CJEU: Additional hotel services may be subject to a higher VAT rate

The judgment of the Court of Justice of the European Union of 5 March 2026 in joined cases C-409/24, C-410/24 and C-411/24 concerned the permissibility of national tax rules that limit the application of a reduced VAT rate exclusively to short-term accommodation services in hotels and similar establishments, while excluding additional services such as parking, breakfast, Wi-Fi access or the use of recreational facilities from that rate.

 

The referring court from Germany raised doubts as to whether the national mechanism separating the taxation of such services was compatible with Article 98 of the VAT Directive, which allows the selective application of reduced rates to categories of services listed in Annex III of the Directive. In particular, the issue concerned situations in which certain services – although economically ancillary to accommodation – must be excluded from the reduced rate under national law if they do not serve the accommodation service directly.

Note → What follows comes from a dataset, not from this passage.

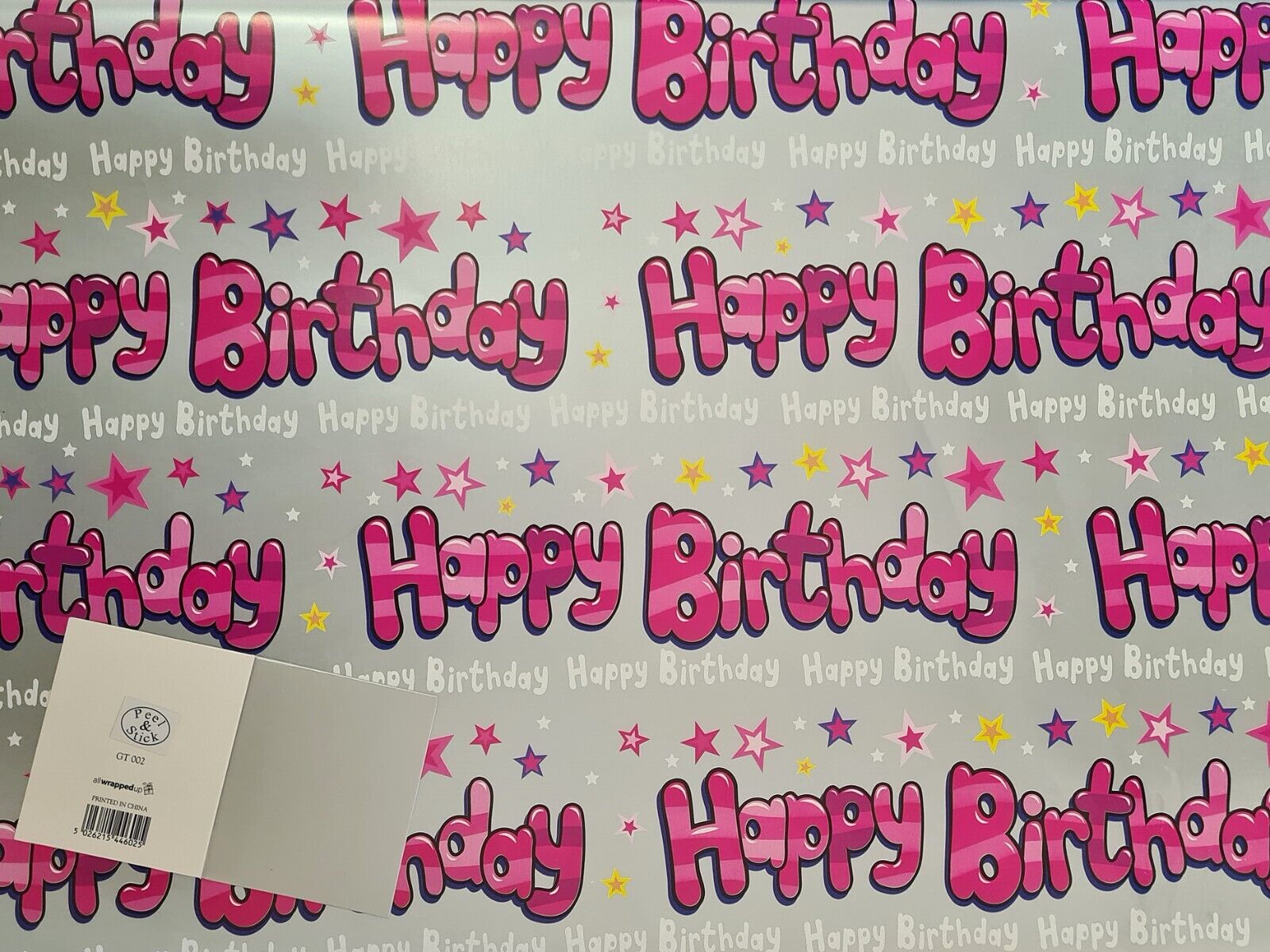 2 Sheets Gift Wrap Wrapping Paper Happy Birthday Silver with Pink Bubble Writing
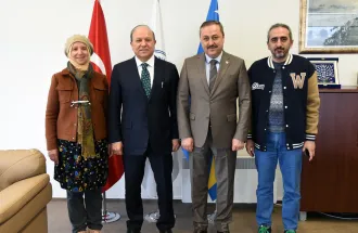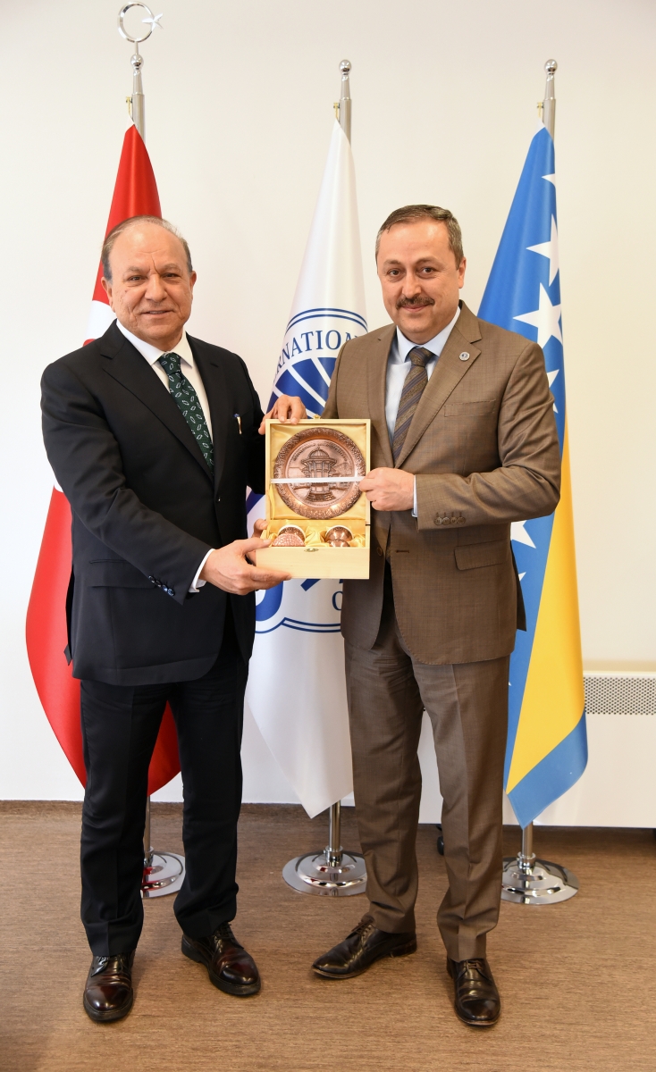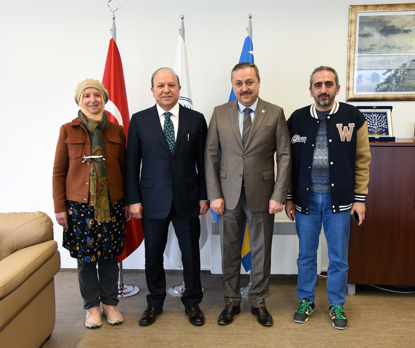 President of the Board of Trustees of Ahmet Yesevi University, Prof. Dr. Muhittin Şimşek paid a visit to the International University of Sarajevo on Wednesday, March 30, 2022 where he met with the IUS Rector Prof. Dr. Ahmet Yıldırım, Dean of the Faculty of Business and Administration Prof. Dr. Emel Topcu and Assistant Professor Muhammed Yasir Göz, Vice-Dean for Academic and Students Affairs of the Faculty of Arts and Social Sciences.

The Court confirmed that Member States have the right to introduce rules selectively applying a reduced VAT rate only to clearly defined elements of a broader category of services, even if, from the customer’s perspective, they constitute a single composite supply. This entitlement arises from the structure of Article 98 of the VAT Directive, which allows a departure from the standard rate but, as an exception, must be interpreted strictly. The CJEU indicated that the selective application of a reduced rate requires the fulfilment of two conditions: first, the identification in national law of specific and distinct aspects of a given category of services to which the reduced rate applies; second, compliance with the principle of fiscal neutrality, which requires that similar services – from the perspective of the average consumer – be treated in the same way.

In the case at hand, the Court held that the German regulations satisfied both conditions. First, the national legislator clearly and precisely defined which services fall within the scope of “short-term accommodation” benefiting from the reduced rate (e.g. furnishings, bedding, cleaning, basic room equipment) and which services are not directly related to accommodation and should therefore be subject to the standard VAT rate. This distinction was further clarified in administrative guidance on the application of VAT, which specified both categories of services. The CJEU considered such differentiation to meet the requirement of identifying “specific and distinct” aspects, since the German legislator objectively and predictably distinguished between services eligible for the reduced rate and those subject to the standard rate.

The second condition concerned the compatibility of the mechanism separating the services with the principle of fiscal neutrality. The Court indicated that, in order to assess this, it is crucial to determine whether the additional services – such as parking, breakfast, access to fitness facilities or Wi-Fi – are comparable to services provided independently by other businesses and whether, from the perspective of the average consumer, they are interchangeable. If the same services, when provided outside a hotel by independent operators, are subject to the standard VAT rate, applying a reduced rate to them as part of a hotel stay would infringe the principle of fiscal neutrality. The CJEU concluded that the German rules comply with this principle because they require the application of the standard rate to services which, although ancillary to accommodation, are also commonly offered as standalone services on the market.

The judgment also includes important considerations regarding the relationship between the concept of a composite supply and the possibility of selectively applying reduced VAT rates. The Court clearly stated that the analysis of supplies from the perspective of the average consumer – typically used to determine whether a supply constitutes a single composite service – does not apply where a Member State exercises its power to identify and selectively tax certain services. This means that even if, from an economic perspective, breakfast or parking constitutes part of a single accommodation service, the legislator may, in accordance with the VAT Directive, treat them separately for the purposes of determining the applicable VAT rate. The CJEU emphasised that this constitutes an exception resulting from the structure of Article 98 of the Directive, which grants Member States discretion in selectively applying reduced rates, provided that objective criteria are used and the principle of fiscal neutrality is respected.

The judgment also analyses the limits of the discretion granted to Member States in shaping VAT preferences. The CJEU pointed out that the possibility of selectively applying reduced rates is not unlimited – it must be exercised in a manner that does not undermine the coherence of the VAT system and does not lead to arbitrary differentiation between similar services. The more extensive the national catalogue of services excluded from the reduced rate, the more important it becomes to demonstrate that such differentiation is based on genuine and objective differences in the nature of the services. The judgment therefore also serves as interpretative guidance for future legislative measures adopted by Member States.

Consequently, the CJEU held that the VAT Directive does not preclude national legislation such as that in force in Germany, which excludes services not directly related to accommodation from the application of the reduced VAT rate, even if they constitute ancillary elements of that service and are included in a single flat price for the stay. However, the legality of such regulations depends on a precise definition of the services covered by the preferential rate and on ensuring compliance with the principle of fiscal neutrality, so that similar services are taxed in the same manner – regardless of whether they are offered by a hotel or by an independent provider.